[Stored items from a collection]
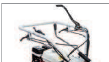
Dirección con desbloques y frenos independientes.
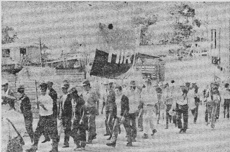
Los campesinos luchan por la tierra.

La burguesía terrateniente y comercial encastillada en Copiapó no tiene problemas para mantener su "status" y a la vez profundizar su organización y actividades contra el gobierno popular y los trabajadores. Entretanto, ahí están sin tocar
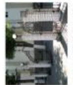
Центральний вхід до спортивної зали (Львів-Франківськ)
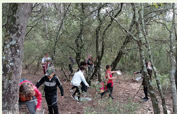
AU COEUR DE LA FORÊT PÉDAGOGIQUE.
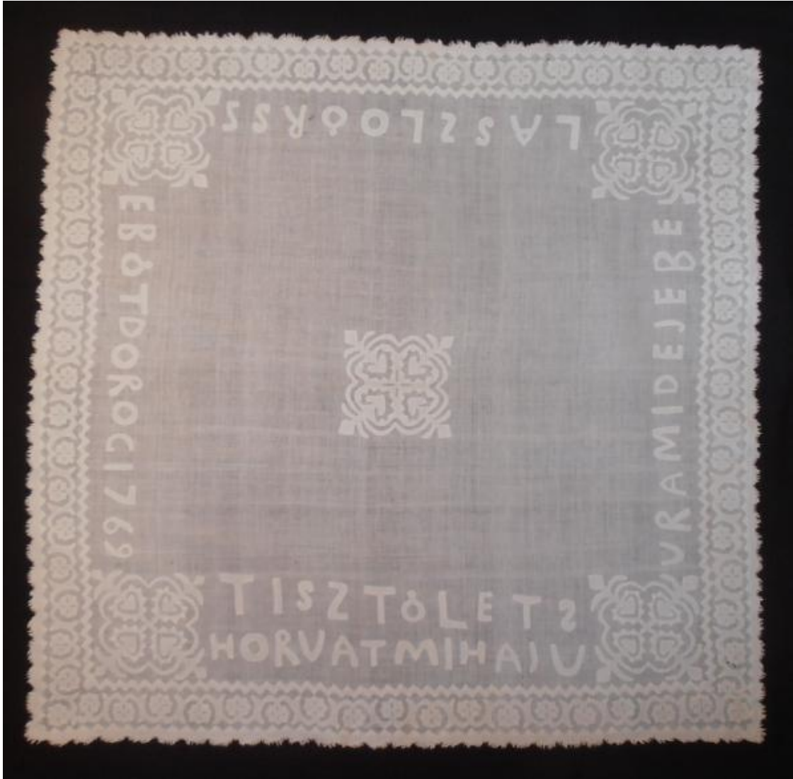
1.sz. melléklet: A nagydorogi 1769-ből származó Úr asztala terítő

*BRIEF*. The copy you return must match the records above exactly, minus any images.

*RESULT FOR THIS EXERCISE*.
Dirección con desbloques y frenos independientes.
Los campesinos luchan por la tierra.

La burguesía terrateniente y comercial encastillada en Copiapó no tiene problemas para mantener su "status" y a la vez profundizar su organización y actividades contra el gobierno popular y los trabajadores. Entretanto, ahí están sin tocar
Центральний вхід до спортивної зали (Львів-Франківськ)
AU COEUR DE LA FORÊT PÉDAGOGIQUE.
1.sz. melléklet: A nagydorogi 1769-ből származó Úr asztala terítő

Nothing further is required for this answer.